Eras of Application Development

Throughout this book we talk about application modernization hand-in-hand with cloud capabilities. As you’re now aware, the reason why so many organizations can’t capture the full value of the cloud is because they have significant investments in existing applications that have been the backbone of their companies for years. Typically, these applications are siloed, difficult to connect to other systems, and expensive to update and maintain, and thus they often get tagged with the word legacy.

A quick note here for our readers—perception and reality are not always the same. In the context of what many refer to as legacy applications or systems, we’ve seen many vendors (including IBM) who have done a lot over the last two decades to modernize both the software and the hardware systems, making them fully cloud native (or at least give the ability to front their legacy applications as cloud native). This means you don’t have to “rip and replace” all legacy systems or processes when your point of view is cloud as a capability. You end up with opportunities to modernize that you may not have considered before. Got a COBOL copybook running on IBM Z? Grab an integration services platform (we’d like to recommend one of the containerized flavors) and wrap it up with REST API—that makes it callable like any other modern cloud native service. Developers that want to invoke that COBOL copybook (perhaps to pull from its output) simply call the API with the input parameters it expects and that returns the data to the app—they don’t even know it’s a COBOL copybook (what some would call legacy) piece of code. That’s the whole point!

That said, the word legacy describes a style in which these apps were built (and used) and thus application modernization seeks to take applications through a series of transformations that make them truly cloud native; this allows them to accrue all the benefits of cloud (the capability), and of course you can decide where to run them (the destination). When you think about cloud as a destination, these systems can operate just like “clouds” with front-ended APIs. In fact, this is the preferred architecture for many mission-critical and data-sensitive workloads (hence the title of the book, Cloud without Compromise), a true hybrid cloud approach.

To keep it simple, we consider a modernized app one that is easily updated, connects seamlessly with other apps, is easy to scale, and is built for the cloud (the capability). Think back to those thrivers, divers, and new arrivers we talked about in Chapter 1—the very experiences we detailed there showcase who’s running in a legacy mindset and who’s running modernized (even if they have some legacy applications they depend on).

When we work with clients, we like to get a quick feel for just where they are on their cloud journey. It would be easy for us to ask to look at their cloud contracts or see what SaaS properties they are subscribed to. But that’s not what we do—we go right to the app dev teams and classify their application-building approach (the Acumen Curves we talked about in Chapter 2 would serve as a tremendous harness for this conversation) as monoliths, service-oriented architectures (SOAs), or microservices. These classifications don’t just represent how apps are built, but how they interact and leverage the infrastructure where they run (which has everything to do with being cloud native—the industry term you will often hear when describing apps that are built for the cloud). Here’s the promise: if you want to automate, if you want to be agile, if you want to modernize, if you want true DevSecOps, if you want to write once and deploy anywhere, if you want all the capabilities that cloud brings and the freedom to choose the destination, you need to understand how architecture, infrastructure, and the way apps are built and delivered have evolved over time—not to mention what they are (a collection of services)—and that’s the primer we cover in this chapter.
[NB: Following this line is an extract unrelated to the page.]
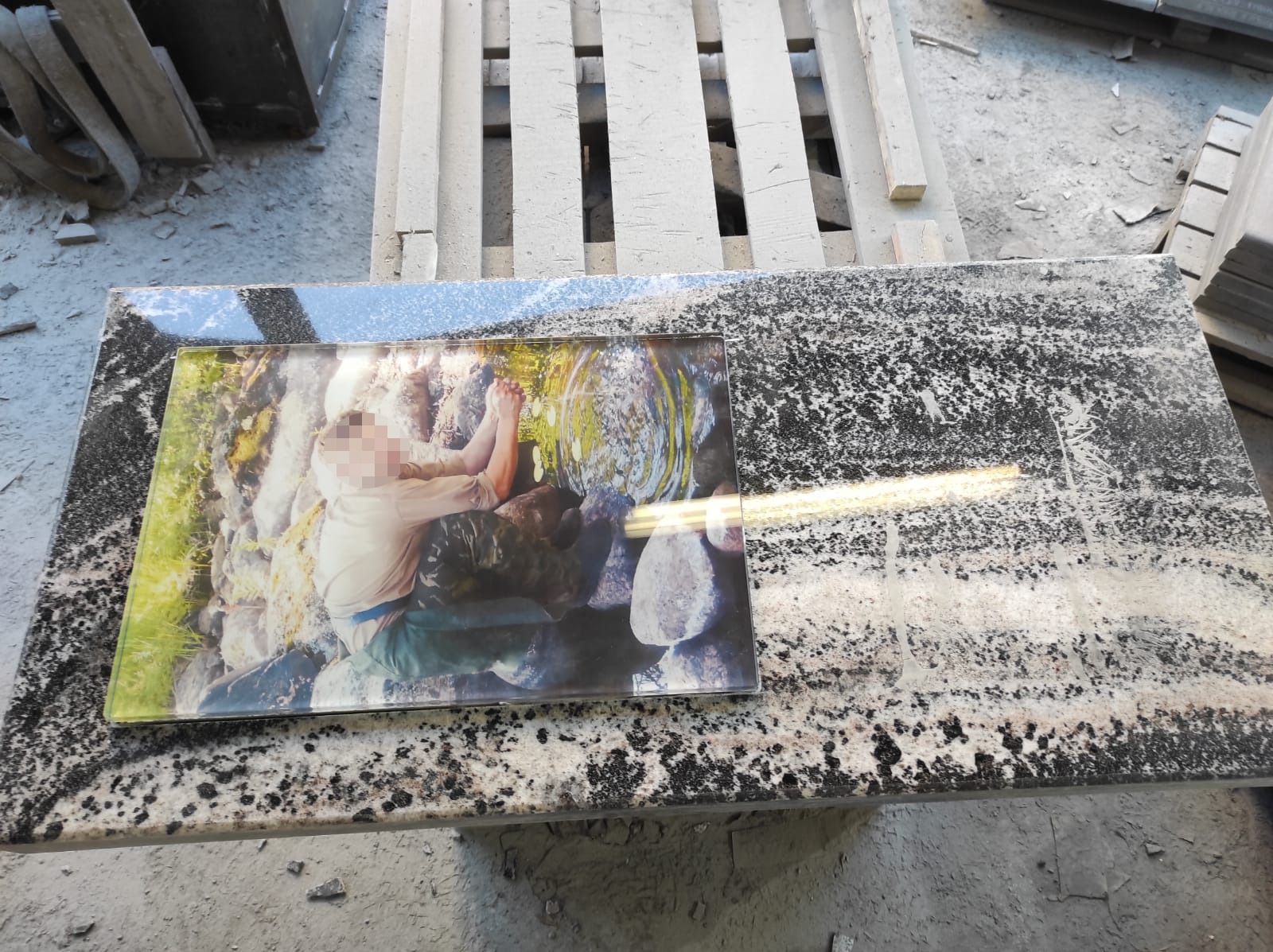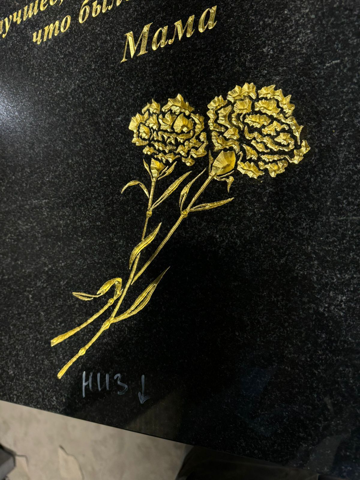- гравировкой , это самый распространенный и точный способ нанесения, она делаеться гравировальным станком. Надписи красяться специальными красками для гранита, особенно хорошо это используют на цветных камнях , чтобы выделить текст или даты.

In the Beginning: Monoliths and Waterfalls

Past civilizations used to mark their territories using a single enormously large block of stone (or metal) called a monolith. To IT people, a monolithic app (an application architecture approach) is used to describe a software app where all aspects of the app (user interface, data access code, and so on) are combined and compiled as one giant program and run in one place. If you recall, we’ve talked about how cloud native applications are composed of discrete blocks of logic (microservices)—this is the opposite.

If we think back to early in our careers in the dev labs, this is how apps were built (and many enterprise legacy apps are still built this way today). These apps ran on physical servers and used a waterfall development approach (each phase of a project must complete before the next phase—you’ll often hear the traditional synonym used for this approach to development).
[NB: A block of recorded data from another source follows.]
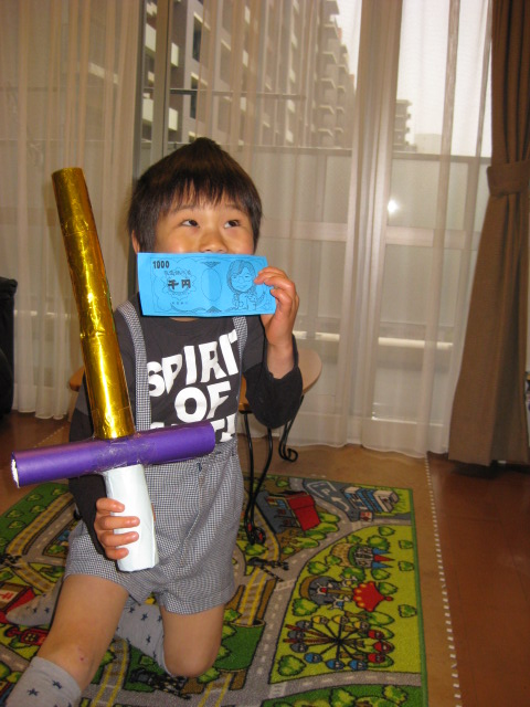 そして今日は「お店やさんごっこ」という行事があって、年少さんから年長さんまでそれぞれ廃材で作った品物を売ったり買ったりする日。
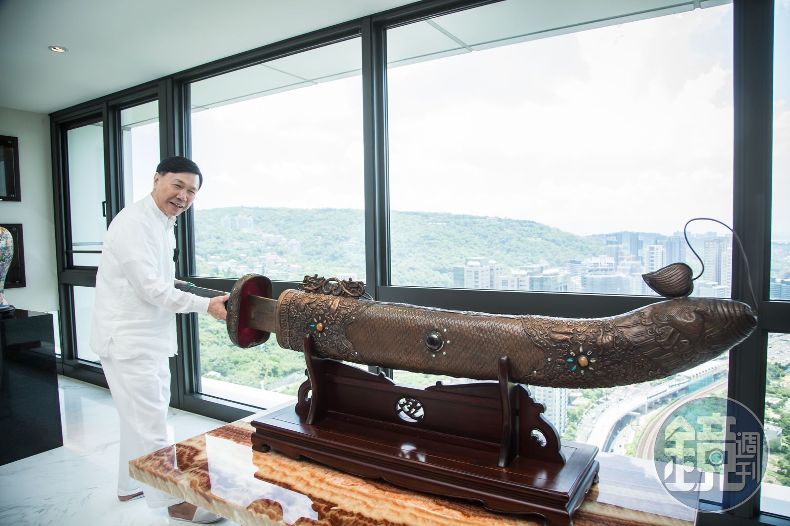 「這把刀從北京、上海、新加坡又拿回來。」立起來差不多一個人高的屠龍劍過去擺在上海「新紫禁城」私人展覽館,要用來斬奧客,現在可不隨便出鞘,「要忍耐,非到必要時不能用。」但老先生愛開玩笑,「如果老公劈腿欺負妳,我拿這把刀去斬小三。」
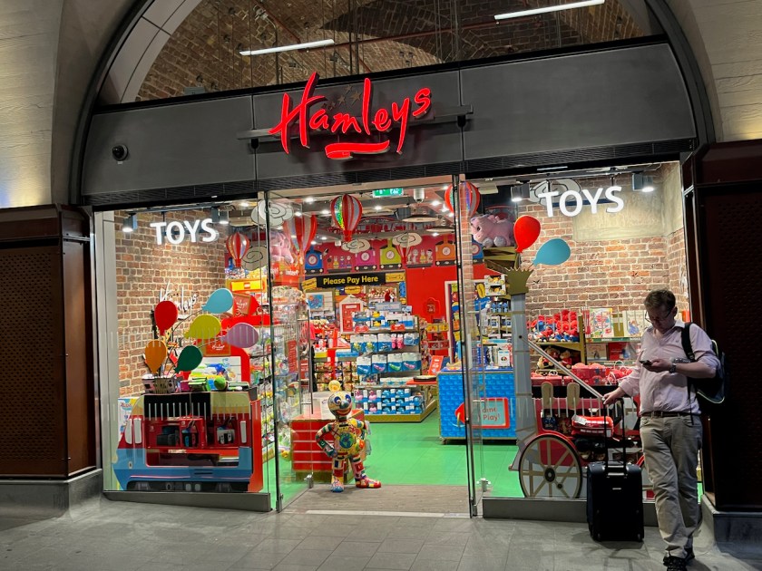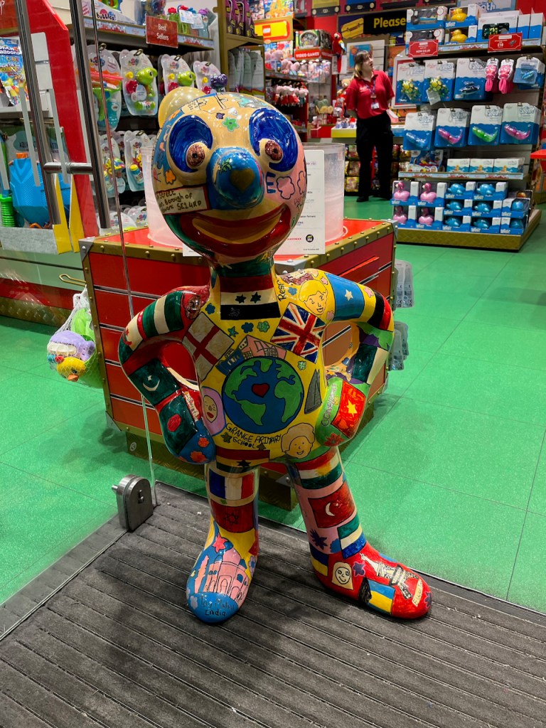 - Our School (Mini Morph) by Grange Primary School – Continue into London Bridge station, and turn right into the big tunnel where the shops and toilets are. A short distance in, this little statue can be seen in the doorway of Hamleys. I never knew they had a little branch in the station until I went looking for this.

If monolithic is the application architecture, the delivery is typically waterfall and the infrastructure are typically physical servers sitting on-premises and managed by you—likely overprovisioned, underutilized, inefficient, and buried in red tape. Unless, of course, you start applying the premise of this book and turning those servers into a cloud capability! You know you’re managing a monolithic project if your app project plan has distinct phases (like “Test”), and you deliver updates at well-defined and year (or multiple years) gap intervals. If you got a design wrong, you can’t go back to the current release. On and on it goes.

SOA Is the SOS to Your Monolith

Despite popular belief that it stands for “Save Our Souls,” SOS is actually a Morse code distress signal that isn’t an abbreviation for anything. The popularized definition was simply retrofitted to suit the existing code—ironically, this is the opposite of what those that build monolithic apps have to deal with, these souls need the ability to change the base without great cost. Service-oriented architecture (SOA) was a big buzzword a number of years ago and looking back, it’s evident SOA was an architectural epoch on the way to microservices (which are more cloud native).
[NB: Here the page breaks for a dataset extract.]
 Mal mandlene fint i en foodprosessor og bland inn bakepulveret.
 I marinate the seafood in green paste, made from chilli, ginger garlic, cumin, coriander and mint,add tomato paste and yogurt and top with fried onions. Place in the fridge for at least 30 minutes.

SOA is a development style and the start of the era of application composition (versus building). It’s a discrete unit of functionality that is updated independently of other services. For example, a service might pull a client record and use more pronoun-sensitive phraseology on an AI-generated summary. SOA objects are self-contained and you don’t need to know how they work inside, only how to invoke them and how to handle the message that comes back (likely data in the JSON format). SOA objects might just do one thing (like in our example), or they could pipeline a number of tasks to do many things. SOA is typically deployed in distributed architectures. You might imagine an application using a number of web services, all talking to each other or resources like a database.

We feel SOAs were unsung heroes in the push to virtual machines (VMs) because they really showcased how inefficient it would be to order a new server to host a new service. Put simply, more flexibility means more utilization. SOA is also where agile takes hold, because this is where applications with coupled services are stitched together to make a full-fledged service where it’s easy to iterate for feature enhancements and so on. SOA was a path to cloud native, but things had to get smaller—micro-small.

Microservices: What SOA Would Be If It Was Version 2.0

The microservices architecture is an iteration over SOA that more loosely couples (it’s distributed in nature) services for application development. Microservices is a great name because the function unit (the service) gets more granular and more focused (it does one thing—it’s micro) when compared to SOA. The protocols that support the communications and invocation of services gets more lightweight in the microservices architecture compared to SOA as well. While it’s outside the scope of this book to detail SOA plumbing, it relied on heavyweight XML communications; microservices use a more lightweight API-focused architecture.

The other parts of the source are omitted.